Best Practices for Multi-Agent Systems

Learning Objectives:

Identify common pitfalls in multi-agent design
Choose appropriate communication patterns
Build robust, maintainable multi-agent systems

Common Pitfalls

Before learning best practices, be aware of these common mistakes:

Pitfall Checklist

More than 5 agents in initial design?
Agents sharing too much state?
No clear failure handling?
Hard-coded agent assignments?

Design Guidelines

1. Start Simple

# Good: Simple 2-3 agent system
researcher = Researcher()
writer = Writer()

# Avoid: Too many agents initially
agents = [a1, a2, a3, a4, a5, a6, a7]  # Too complex!

Rule of thumb: Start with 2-3 agents, add more only when necessary.

2. Clear Communication Protocols

Define message types explicitly:

class MessageType(Enum):
    REQUEST = "request"
    RESPONSE = "response"
    FEEDBACK = "feedback"
    ESCALATE = "escalate"

# Each message has a clear purpose

3. Fail Gracefully

def process_with_retry(agent: Agent, task: str, max_retries: int = 3):
    """Process with automatic retry on failure."""
    for attempt in range(max_retries):
        try:
            return agent.process(task)
        except Exception as e:
            if attempt == max_retries - 1:
                raise  # Re-raise on final attempt
            log.warning(f"Attempt {attempt + 1} failed: {e}")
            time.sleep(2 ** attempt)  # Exponential backoff

4. Decouple Agents

# Good: Agents communicate through messages
agent_a.send(agent_b, MessageType.REQUEST, task)
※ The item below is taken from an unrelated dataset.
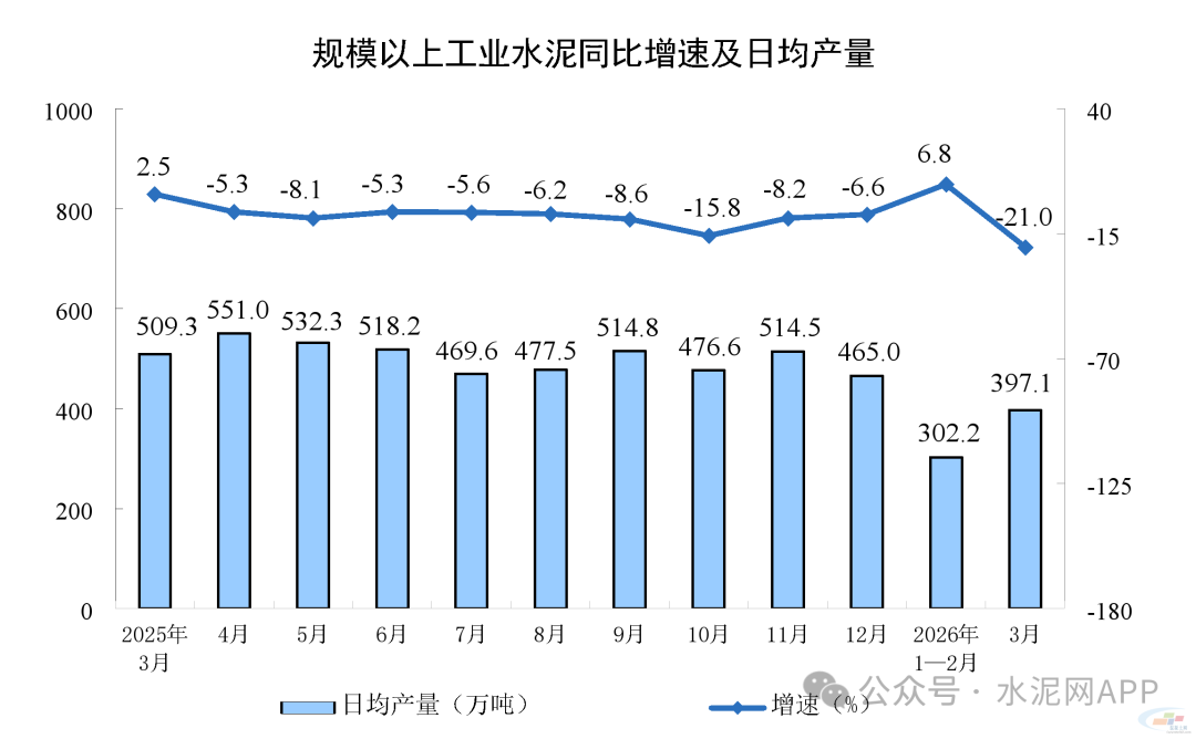 3月份,全國水泥產(chǎn)量12310萬噸,同比下降21%;一季度全國水泥產(chǎn)量30102萬噸,同比下降7.1%。

# Avoid: Direct function calls
agent_b.process(task)  # Tight coupling!

Communication Patterns

Pattern 1: Direct Messaging

Best for: Simple workflows with clear hand-offs

# Simple, linear communication
researcher.send(planner, MessageType.FINDINGS, data)
planner.send(writer, MessageType.OUTLINE, outline)

Pattern 2: Broadcast

Best for: Multiple agents need the same information

# One agent informs multiple agents
supervisor.broadcast([
    agent1, agent2, agent3
], MessageType.UPDATE, context)

Pattern 3: Request-Response

Best for: Agents that need information on-demand

# Agent requests and waits for response
response = await agent.request(
    from_agent=query_agent,
    message=query,
    timeout=30
)

Error Handling Strategies

Strategy	Use Case	Example
Retry	Transient failures	Network timeouts
Fallback	Primary agent unavailable	Use backup agent
Escalate	Complex failures	Human intervention
Circuit Breaker	Repeated failures	Pause agent, alert

class CircuitBreaker:
    """Prevents cascade failures."""

    def __init__(self, failure_threshold: int = 5):
        self.failure_count = 0
        self.threshold = failure_threshold
        self.is_open = False

    def call(self, func, *args, **kwargs):
        if self.is_open:
            raise CircuitOpenError("Circuit is open")
        try:
            result = func(*args, **kwargs)
            self.failure_count = 0
            return result
        except Exception:
            self.failure_count += 1
            if self.failure_count >= self.threshold:
                self.is_open = True
            raise

Testing Multi-Agent Systems

Unit Tests per Agent

def test_researcher():
    researcher = Researcher()
    result = researcher.research("Python")
    assert "programming" in result.lower()
    assert len(result) > 100

Integration Tests

def test_team_workflow():
    team = MultiAgentTeam()
    article = team.run("Climate Change")
    assert len(article) > 500
    assert "climate" in article.lower()

Mock Communication

from unittest.mock import Mock

def test_with_mocked_agent():
    mock_agent = Mock()
    mock_agent.receive.return_value = None

    sender = Agent("Sender")
    sender.send(mock_agent, MessageType.REQUEST, "test")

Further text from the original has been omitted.